3.1. Draw 2n predictors with probabilities $p_{j} \propto |{\hat{α}}_{j}|$ without replacement sequentially yielding screening index set $I_{k} = \{j_{1}^{k}, \dots, j_{2 n}^{k}\} \subset [p];$ if $p < 2 n$ , set $I_{k} = [p]$ ;

3.2. Project remaining variables to dimension m_k randomly drawn with $\log (p) \leq m_{k} \leq n / 2$ using $Φ_{k} : m_{k} \times 2 n$ from Definition with diagonal elements $d_{i} = {\hat{α}}_{j_{k}^{k}}$ to obtain reduced predictors $Z_{k} = X_{\cdot I_{k}} Φ_{k}^{'} \in ℝ^{n \times m_{k}}$ ;

3.3.* Fit a GLM of y against Z _k (with small L₂-penalty) to obtain estimated coefficients $γ^{k} \in ℝ^{m_{k}}$ and ${\hat{β}}^{k}$ , where ${\hat{β}}_{I_{k}}^{k} = Φ_{k}^{'} γ^{k}$ and ${\hat{β}}_{{\bar{I}}_{k}}^{k} = 0$ .

4. For a given threshold ν ≥ 0, set all entries ${\hat{β}}_{j}^{k}$ with $|{\hat{β}}_{j}^{k}| \leq v$ to 0 for all j, k.

5. Combine via simple average on link-level $\hat{β} = \sum_{k = 1}^{M} {\hat{β}}^{k} / M$ or on response level $\hat{y} = \sum_{k = 1}^{M} {\hat{y}}^{k} / M$ .
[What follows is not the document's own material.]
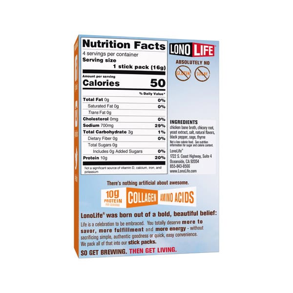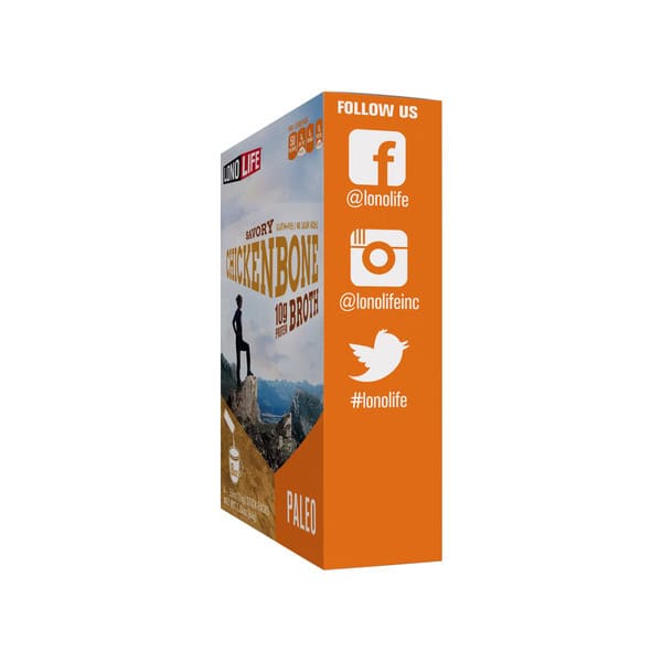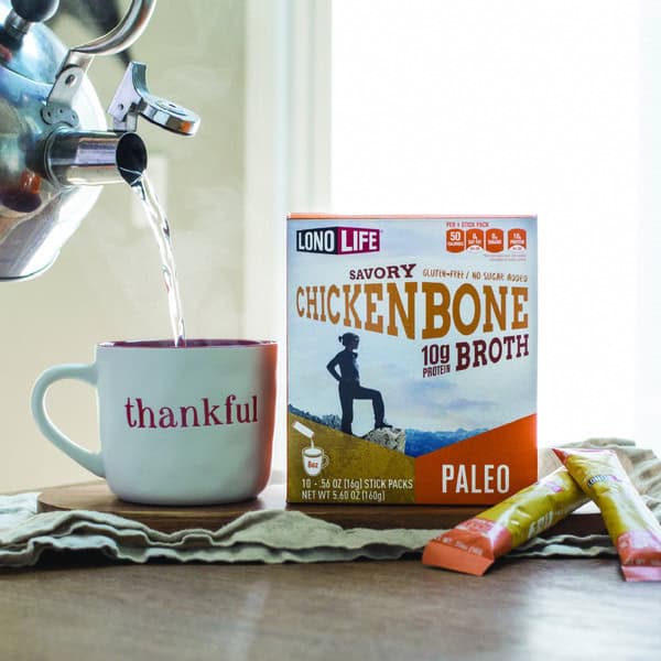 Featuring all the benefits and great taste of slow-cooked broth, LonoLife’s Paleo/Keto-friendly, protein-packed, and nutrient-dense chicken bone broth keeps you fueled when you’re crunched for time — at home, at the office, in a college dorm, or on the road. Ideal for those following low carb, Paleo, and Keto diets, this easy-to-digest broth is packed with collagen-rich protein and fiber that provide a number of different health benefits — from improving joint health to nourishing hair, skin, and nails to improving digestive and immune systems. LonoLife makes its chicken bone broths the old-fashioned way with the highest quality ingredients, hearty roasted bones and a rich, savory blend of chicory root, sage, thyme, black pepper, and sea salt — and a variety of herbs and spices that’s a carefully guarded family secret. Perfect for your on-the-go lifestyle, LonoLife broths are available in convenient 100% recyclable single serve cups that fit in most single serve beverage brewing systems and Stick Packs that require nothing more than a hot cup or bowl of water. The chicken bone broth is also available in a scoopable 8-ounce container that provides 15 servings. LonoLife creates healthy, Paleo-friendly bone broth soup snacks that are convenient for busy, active, and healthy lifestyles.

6. Optionally, select M and ν via cross-validation by evaluating a two-dimensional grid of values. For each training fold, repeat Steps 2–6 using fixed index sets I _k and projections Φ _k ) and assess the performance on the test fold by model deviance (Dev). Then choose the optimal pair (M_best, ν_best) = argminM,νDev(M, ν).

7. Output the estimated coefficients and predictions for the chosen M and ν.

Our goal is to select the smallest penalty that maintains good predictive performance in the context of screening and RP for GLMs. In our experiments, the estimator in Equation (2.6) (or its approximation) does not consistently achieve the best predictive performance across all family–link function combinations. The strategy for selecting the penalty parameter λ_min is detailed in Section 3.3. Specifically, we recommend choosing the smallest λ for which the deviance ratio remains below a predefined threshold. Using a threshold on the deviance ratio has the advantage of being invariant to the data scale and link function.

In Step 3.2 the dimension m_k is random for the purpose of introducing more variability in the ensemble and reducing the reliance on a fixed (possibly arbitrarily chosen) goal dimension, in line with previous literature (e.g., Mukhopadhyay and Dunson, 2020).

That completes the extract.